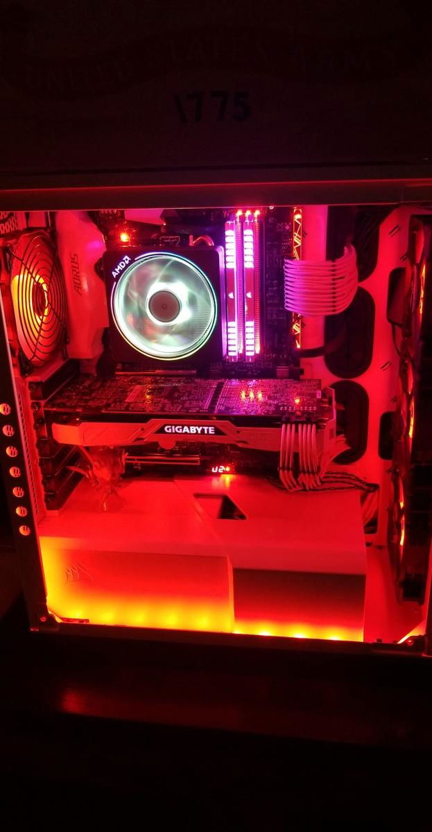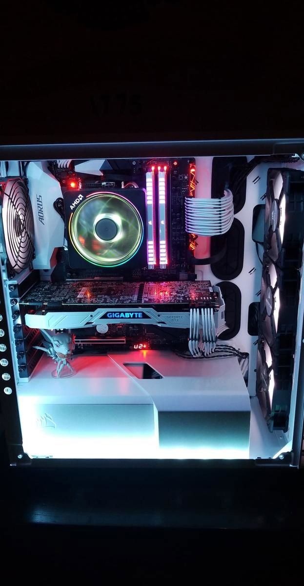 This is my first ever custom build but my friend Nixx did most of the work due to him having more experience than me. My first objective was power and theme. My favorite color is red, but I'm am so sick of the red and black theme. So I deiced white was a good color it was different and not really used that much. Anyway I went with Gigabyte GTX 1080 TI because it met both my needs for power, cosmetics, and it was a steal. During the month of April I got both the 1080 TI and the gigabyte GA-AX370 Gaming 5 ATX mother board for a little over $900, I couldn't pass up the deal especially when graphic cards' prices were all over the place. I followed the rest of the all white themed with the corsair vengeance RAM, was a little upset cause two weeks after buying it the newer model came out for the same price but looked better. As for the case I went for the Corsair Crystal 460X white. I love the design and unlike its' 560 counter part it has a solid white side panel best for hiding cable management. All that being said this computer is a boss, it's fast and with my Asus MX34VQ 34" I can get stupid close to 4k without having a low Hz. I mainly play GTA, RPGs, and Fighters. As for work loads I plan on buying me a XP-Pen drawing tablet for graphic designs. I'm gonna update my bench marks I'm an idiot and forgot to save them and I don't remember anything. WARNING: If you use the Ryzen 2nd Gen CPU with an older board you're gonna need a older processor to update the bios or a boot kit from AMD.
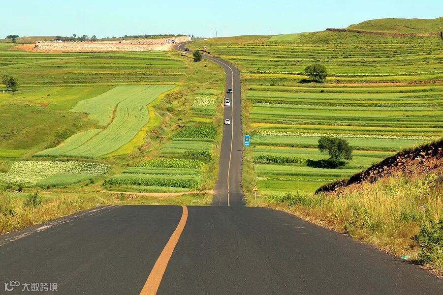 沿途沟壑纵横,每次上坡下坡、转弯,都有不同的视觉盛宴呈现,或蓊郁层林,或悠悠风车,或草甸牛羊,或梯田村舍,或烂漫花海……
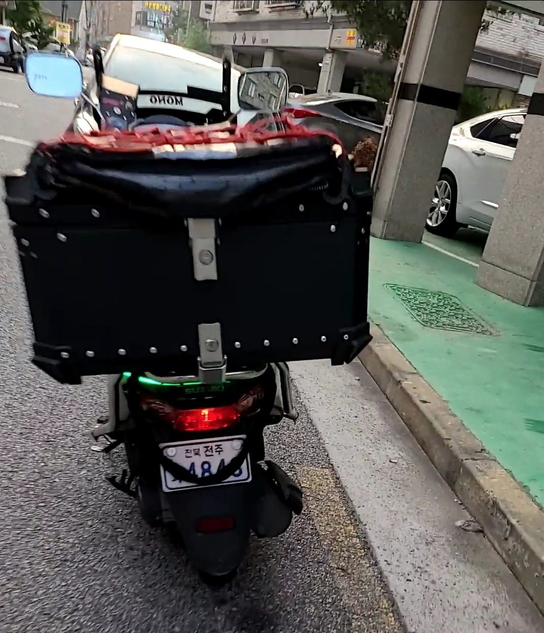 아래 오토바이 번호판을 과감하게 공개합니다. 그래도 번호를 알기 어렵기 때문입니다.
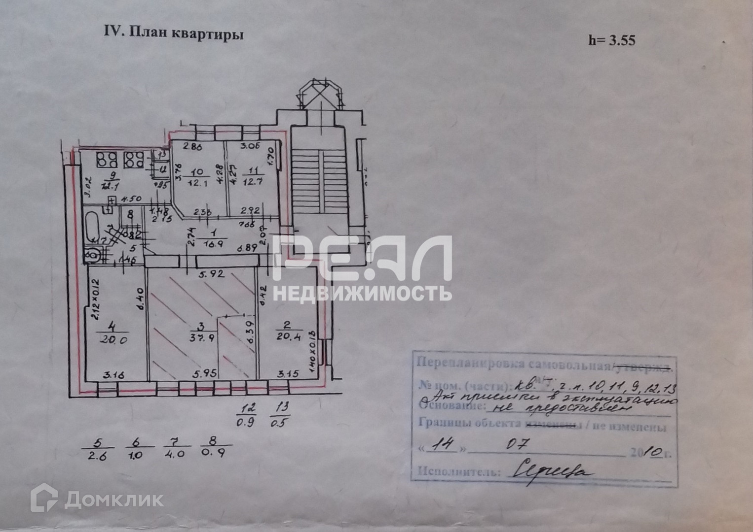 Высота потолков 3.55 м
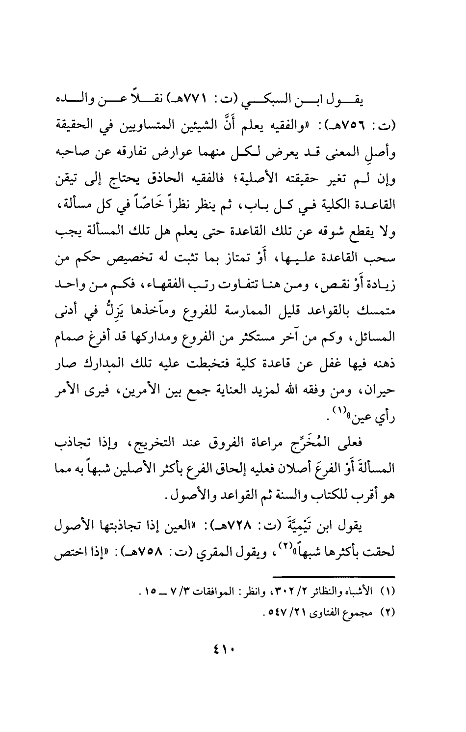 يقول ابن تَيْمِيَّةَ (ت: 728 هـ): "العين إذا تجاذبتها الأصول لحقت بأكثرها شبهًا" (¬2)، ويقول المقري (ت: 758 هـ): "إذا اختص
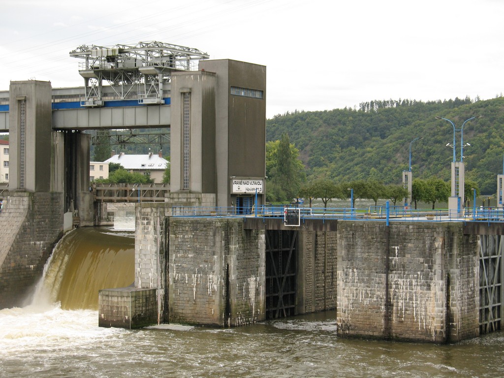 Bylo už docela dost hodin a nakonec jsme se po delším hledání v mapě rozhodli popojet asi 50km směr západ, do Vraného nad Vltavou. Byla to dobrá volba, kemp měl volné chatky a polohou se nacházel u poslední přehrady vltavské kaskády, která byla jedním z našich plánovaných cílů. Do kempu asi Češi a Moraváci nejezdí, protože zdejší personál na nás vyzkoušel všechny světové jazyky (teda kromě Haberštiny
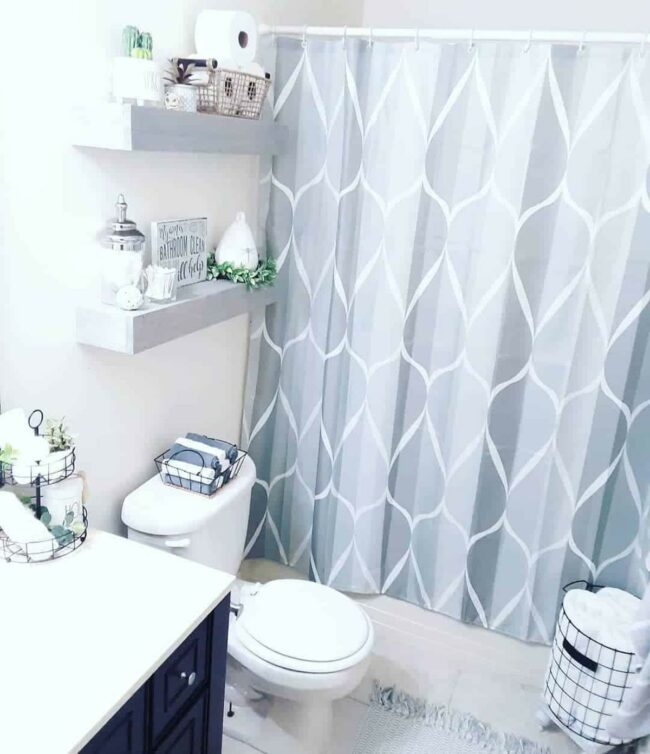 Strategic accents like a coordinating shower curtain ensure design cohesion.

________________________

Instructions to follow.
The expected output is the lines from the line that contains "Высота потолков 3.55 м" through the last line of the material, reproduced exactly, with both ends present and pictures absent.

Task result.
 Высота потолков 3.55 м
 يقول ابن تَيْمِيَّةَ (ت: 728 هـ): "العين إذا تجاذبتها الأصول لحقت بأكثرها شبهًا" (¬2)، ويقول المقري (ت: 758 هـ): "إذا اختص
 Bylo už docela dost hodin a nakonec jsme se po delším hledání v mapě rozhodli popojet asi 50km směr západ, do Vraného nad Vltavou. Byla to dobrá volba, kemp měl volné chatky a polohou se nacházel u poslední přehrady vltavské kaskády, která byla jedním z našich plánovaných cílů. Do kempu asi Češi a Moraváci nejezdí, protože zdejší personál na nás vyzkoušel všechny světové jazyky (teda kromě Haberštiny
 Strategic accents like a coordinating shower curtain ensure design cohesion.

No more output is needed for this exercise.